20 Tank Brewery Nearly Changed My Life
I was first introduced to craft beer around 1988 by a new found friend, Brian. Until then my exposure to beer was typical American homogenized light lager with the occasional import such as Heineken. I usually just followed my brothers lead. At first, we were Michelob fans. To us, this was kind of a premium beer. I was not much of a beer fan. My father didn’t drink much and I don’t recall anyone in my family drinking much beer. My older brother, who is a couple years older than me, was pretty much my guide. There was not much to choose from so his leadership role was pretty easy.
Sometime in 1983 Stroh’s beer came to our area. For some reason, this became our favorite beer. Probably because it was simply new. I remember thinking it was so plain. It was not any different than the other american beers but certainly not stale like the german beers. Not long thereafter was my 21st birthday. The love of my life at the time was Lori. Her family had moved about two hours north a year or so earlier. I was not entirely sure what was happening with our relationship. The distance was a strain but breaking up was a foreboding. She arrived to help celebrate my birthday bearing my favorite cake. Upon cutting into the cake, I realized it was not cake but a 12 pack of Stroh’s. It made me realize talked about Stroh's a lot, I guess though I don’t remember. I also realized it was time follow a different path than Lori. I don’t know if or how we ever broke up. I am pretty sure we did. I don’t recall ever seeing her again. I don’t know if I ever drank the 12 pack either.

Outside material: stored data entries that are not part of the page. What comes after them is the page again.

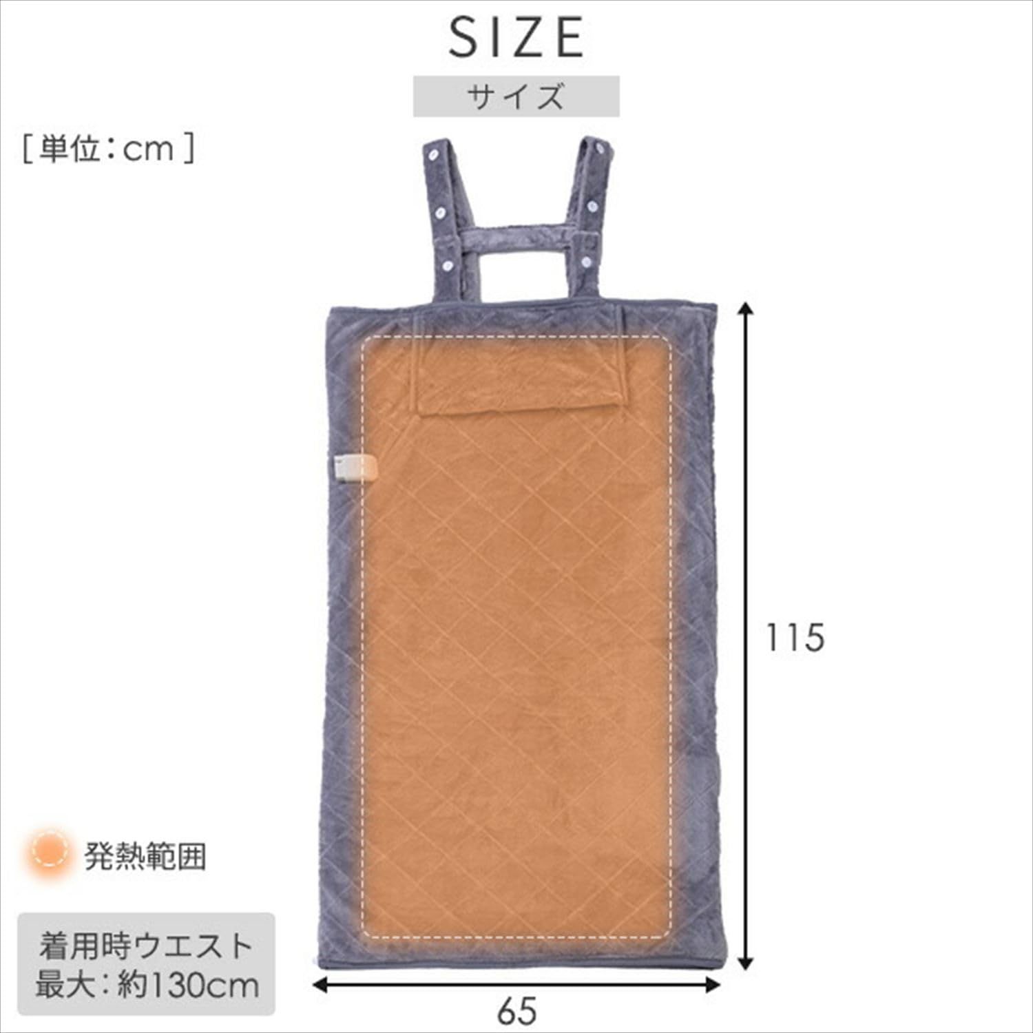 【まるでコタツな電気毛布】コタツにくるまれているような気分になれる電気着る毛布「くるみケット」がさらに快適に、動きやすくなって新登場。身長目安は150~180cmなので女性でも男性でもお使いいただけます。「着る」のはもちろん、広げればひざ掛けや掛敷毛布としても使え、手や小物を入れられる胸ポケットに底冷え対策になる足入れポケットなどもついて寒い冬にぴったりのアイテムです。さらに、毛布本体は洗濯機で丸洗い可能なので、いつでも清潔に気持ちよくお使いいただけます。【進化ポイント】1アジャスターのボタンが大きくなってより簡単に長さ調節できるようになりました。2肩ヒモの背中側をH型にしたことで、なで肩の方でもずり落ちる心配がなくなりました。3リモコン収納ポケットを追加しました。4足ポケットがマチ付きになって足が入れやすくなりました。5ファスナーで調節できるスリットが付いてさらに歩きやすくなりました。【省エネ】ヒーターやコタツと違い、ひとりだけあたためるアイテムなので省エネで経済的です。電気代は1日8時間使用した場合約6.4円で1ヶ月だと約192円とお財布にやさしく、気軽にお使いいただけます。【温度調節&タイマー】お好みに合わせて弱から強まで無段階で調節できます。その日の気温や体調に合わせて、お好みで調節してください。また、高温でダニを退治するダニ対策機能付きでアレルギーやぜんそくの原因にもなるダニをしっかり退治します。2時間オフタイマーと8時間オートオフタイマー機能搭載であたためすぎや切り忘れの心配もありません。【商品仕様】▪本体サイズ:115×65cm(着用時ウエスト最大約130cm)▪適応身長目安:150~180cm▪電源:交流100V(50/60Hz)▪消費電力:40W▪電源コードの長さ:電源側=1.96m/本体側=0.65m▪消費電力量:強=約27Wh/適温=約18Wh/弱=約13Wh▪1時間あたりの電気代:強=約0.8円/適温=約0.6円/弱=約0.4円(室温15℃、綿ふとん中で5時間運転したときの平均消費電力量を1KWh=31円で算出)▪表面温度:強=約53度/適温=約33度/弱=約23度▪自動オフ:2時間オフタイマー/8時間自動オフ▪保証期間:お買い上げ日より1年間(保証の範囲については、保証書をご確認ください。(一般家庭用以外(業務用など)に使用された場合の故障及び損傷などは保証対象外となります))
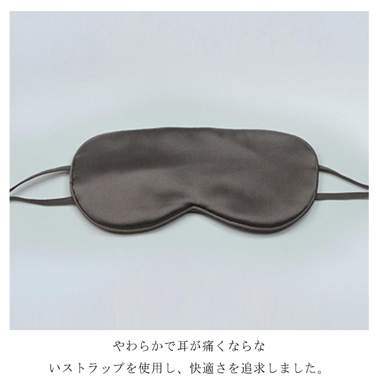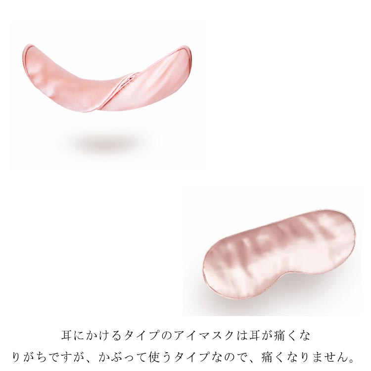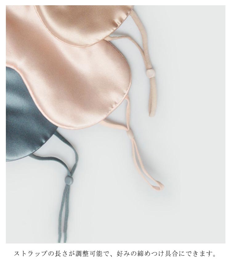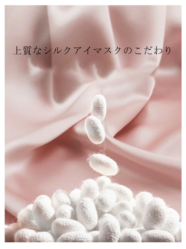 やわらかシルク100%の高級アイマスク。お昼寝、夜、移動中も、お休み用の極上シルクアイマスクです。眠りの妨げになる光をしっかり遮断します。通気性も抜群。耳にかけるタイプのアイマスクは耳が痛くなりがちですが、かぶって使うタイプなので、痛くなりません。軽く柔らかいシルクでやさしい付け心地です。ストラップの長さが調整可能で、好みの締めつけ具合にできます。上質なシルクアイマスクのこだわりやわらかで耳が痛くならないストラップを使用し、快適さを追求しました。自然な心地よい眠りを楽しんでいただけます。シルクは天然の素材なので、お肌にもやさしく、敏感肌の方でもお使いいただけます。
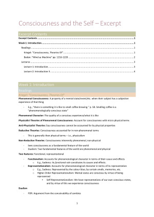Hey! Thanks for checking out my notes. If you decide to purchase them, I trust they'll be very useful to you in this subject and will also help you with writing your assignments. I found this subject really enjoyable and it definitely made me think deeply about my beliefs surrounding the nature of consciousness, free will, and selfhood. I received a mark of 95 for this subject, which was the top mark received out of my cohort. My grades across all subjects average within the top 1% of my cohort and my WAM is 90. The table of contents for these notes is as follows: Week 1: Introduction - Readings x2, lectures x2 Week 2: The Hard Problem - Readings x2, lecture Week 3: The Science of Consciousness - Readings x2, lecture Week 4: Predictive Processing - Readings x2, lectures x2 Week 5: The Unconscious Mind - Readings x3, lectures x3 Week 6: Theories of Self - Readings x3, lectures x3 Week 7: Embodied and Distributed Selves - Reading, lectures x3 Week 8: Disruption of the Self - Readings x2, lecture Week 9: Agency and Free Will - Reading, lecture Week 10: Mind Reading - Reading, lecture x2 Week 11: Evolution of Selves and Consciousness - Reading, lectures x2 Week 12: Animal Sense of Self and Consciousness - Reading x2, lecture
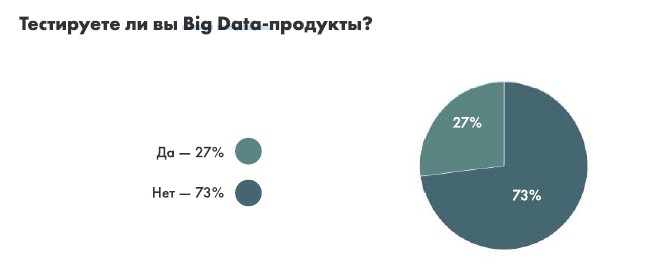 Проведенный опрос показывает, что тестирование продуктов Big Data все еще является не слишком популярной в России услугой: ею пользуются лишь 27% от общего числа респондентов.

Not much happened in my beer scene until i started a job in San Francisco three or 4 years later. Some time around 1988 I worked with Brian. Through sketchy memories, I recall conversations with Brian about the new craft beer revolution. Brian was also the first to talk about homebrew. Though I don’t recall much of conversation 25 years ago, I do remember Brian talking about exploding bottle in cupboard. I don’t think I ever tried any of his beer nor enjoyed the experience of exploding bottles. I do think fondly of him when I reminisce about the my first craft beer experiences.
My most vivid memory is our first visit to a new brewery in San Francisco; 20 Tank. There were three of us. Myself, Brian and John. I don’t recall how familiar John was with craft beer but I don’t think he was much of a drinker. I clearly remember a Red/Amber ale that was a bit coarse and kind of sweet. I also remember a powerfully bitter assault on my palate from an IPA called War Boner or something like that. This particular night, we sat upstairs and did an all out blitz on these delightful beers. The laughter was pain inspiring and I still snicker at the thought of chili but I don't know why. There is a permanent hilarious imprint burned into my psyche. I can’t help but smile now.
The three of us staggered out to the street and fell into a taxicab. I looked out the window and can still see the bright lights from inside the brewpub illuminating the building with 20 TANK BREWERY in big bold letters. I was dropped of at the train station and somehow made it onto a train and ended up home though there is no recollection of how or when.
I visited 20 Tank a few more times. I met the brewer and talked beer. He went on to start 21st Amendment Brewing some time later. I mostly recall the last time I was there. I was with a spectacular woman; Judy. We met at work. She shared an office with another strikingly beautiful woman. I don’t recall her name but I will call her Kim. I became friends with Kim often chatting on our train ride to or from work. Kim was just honest and sweet and engaging. At times, it was comical as to how many guys would ask me how I know Kim. There was real shock that a woman this beautiful would be friends with me I guess. There was a bit of fun sport in all of it and I did enjoy being in such company. I would, at times, visit Kim’s office for no particular reason just to say hi. It was there I met Judy. She was tall and slender and though different equally as striking as Kim. Two great reasons to find a reason to visit them. It doesn’t seem real but somehow I asked Judy to go out or maybe she asked me. I do know she agreed to and even picked me up though I don’t know why. We had a great time at 20 Tank and at the end of the night we walked to her car hand in hand.
I was in inner turmoil. I was on the cusp of maybe starting to date another woman. This other woman had a grip on my heart. I really enjoyed this evening with Judy but could not stop thinking of the other woman either. As Judy and I sat in her small car, just inches from one another, I explained this terrible predicament. Any other time, I would have not hesitated to take things as far as they would go with Judy. Instead, I talked about this other woman and how things were starting to blossom and I had to follow that path. It was awkward for sure. I did tell her I didn’t expect we would get on so well and I was not really prepared to have such a great date. She dropped me at the train. I spent the next hour and a half wonder if I was a fool. I married that other woman a few years later and we are still happly married today. I sometimes wonder what became of Judy. I do know 20 Tank closed in 2000.
That visit to 20 Tank almost changed my life.